**Activity:** Give back the whole listing verbatim, printing none of its pictures.
* * *
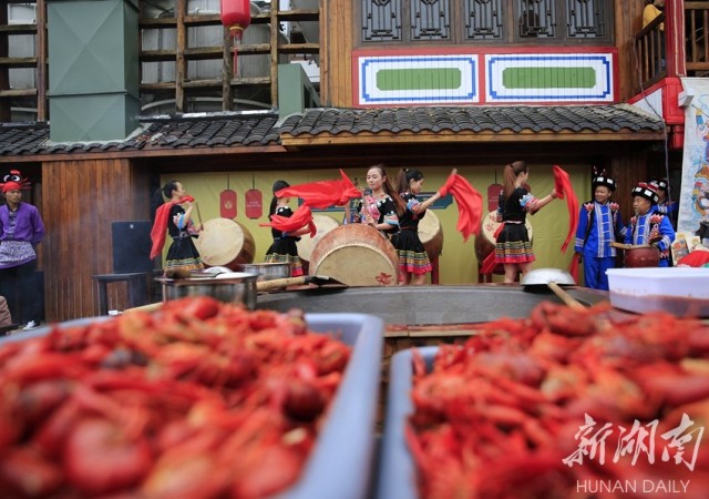 武陵源擺百人龍蝦宴 男子上演徒手炒蝦(圖)
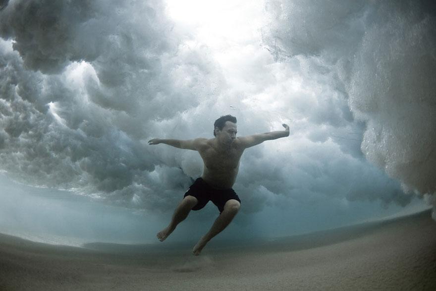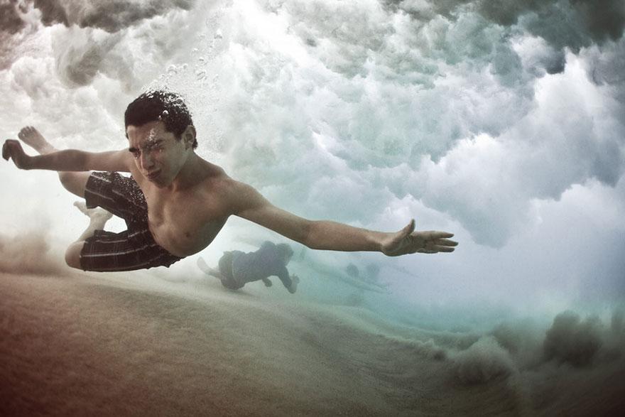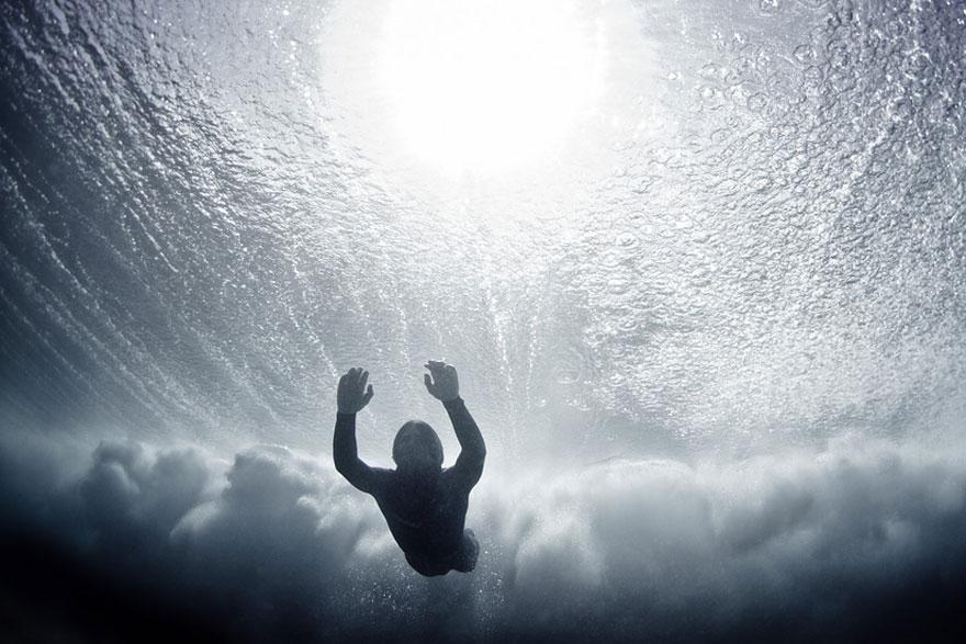 Собственно, вашему вниманию предлагается подборка снимков, сделанных во время работы на фильмом. Марк Типпл погружается под воду и снимает серфингистов, которые находятся не на гребне волны, а уже были сбиты ей и начинают борьбу с океаном. Здесь нет никаких постановок или чего-то ненастоящего.
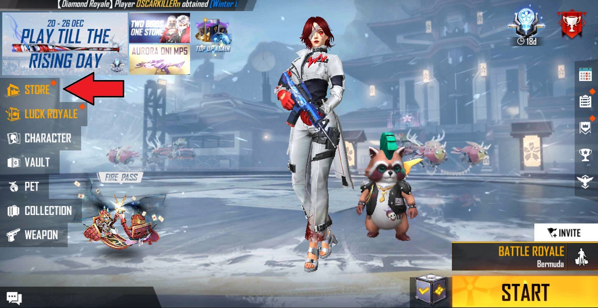 Step 1: Once Free Fire is open on the players’ device, they need to click on the ‘Store’ icon, which is present on the left side of the lobby screen.
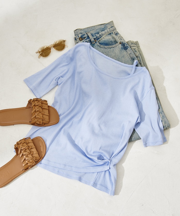 ●大人のワードローブに今足したい、程よくカジュアルでやりすぎない上品さが手に入るアシンメトリーネックデザインのトップ
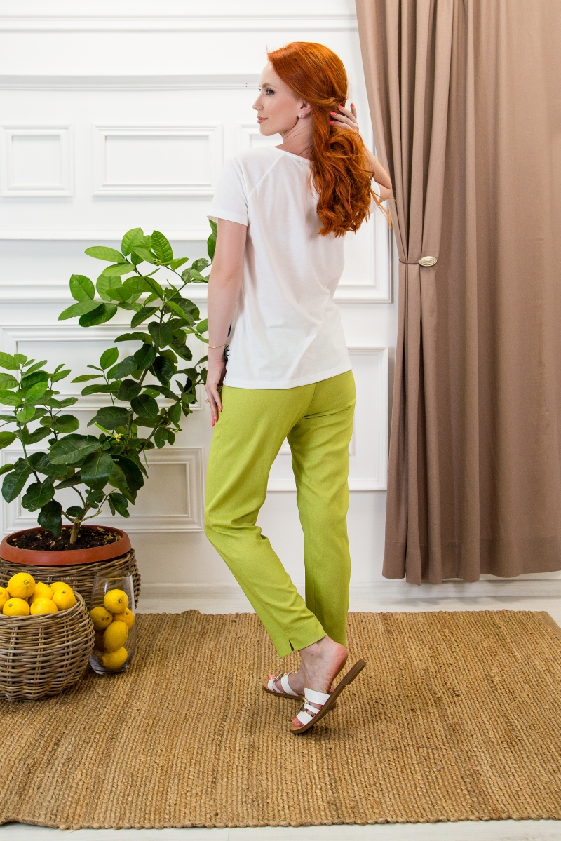 Спортно-елегантен комплект от блузка с модерен принт и ленен панталон.
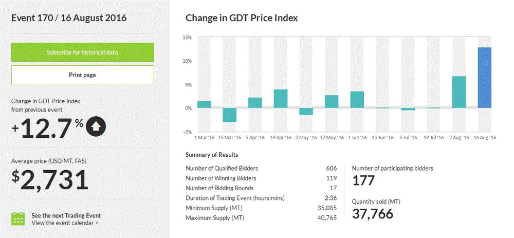 Как стало известно, стоимость молочной продукции увеличилась на 12,7% после того, как выросла на 6,6% в ходе предыдущего аукциона. Стоит подчеркнуть, последнее повышение оказалось самым значительным с середины сентября 2015 года. В преддверии данного аукциона широко ожидалось, что цены сильно вырастут, причем цельное сухое молоко, согласно оценкам, должно было подорожать на 10%. Результаты аукциона показали, что стоимость цельного сухого молока выросла на 18,9%.
* * *
**Solution to the exercise:**
 武陵源擺百人龍蝦宴 男子上演徒手炒蝦(圖)
 Собственно, вашему вниманию предлагается подборка снимков, сделанных во время работы на фильмом. Марк Типпл погружается под воду и снимает серфингистов, которые находятся не на гребне волны, а уже были сбиты ей и начинают борьбу с океаном. Здесь нет никаких постановок или чего-то ненастоящего.
 Step 1: Once Free Fire is open on the players’ device, they need to click on the ‘Store’ icon, which is present on the left side of the lobby screen.
 ●大人のワードローブに今足したい、程よくカジュアルでやりすぎない上品さが手に入るアシンメトリーネックデザインのトップ
 Спортно-елегантен комплект от блузка с модерен принт и ленен панталон.
 Как стало известно, стоимость молочной продукции увеличилась на 12,7% после того, как выросла на 6,6% в ходе предыдущего аукциона. Стоит подчеркнуть, последнее повышение оказалось самым значительным с середины сентября 2015 года. В преддверии данного аукциона широко ожидалось, что цены сильно вырастут, причем цельное сухое молоко, согласно оценкам, должно было подорожать на 10%. Результаты аукциона показали, что стоимость цельного сухого молока выросла на 18,9%.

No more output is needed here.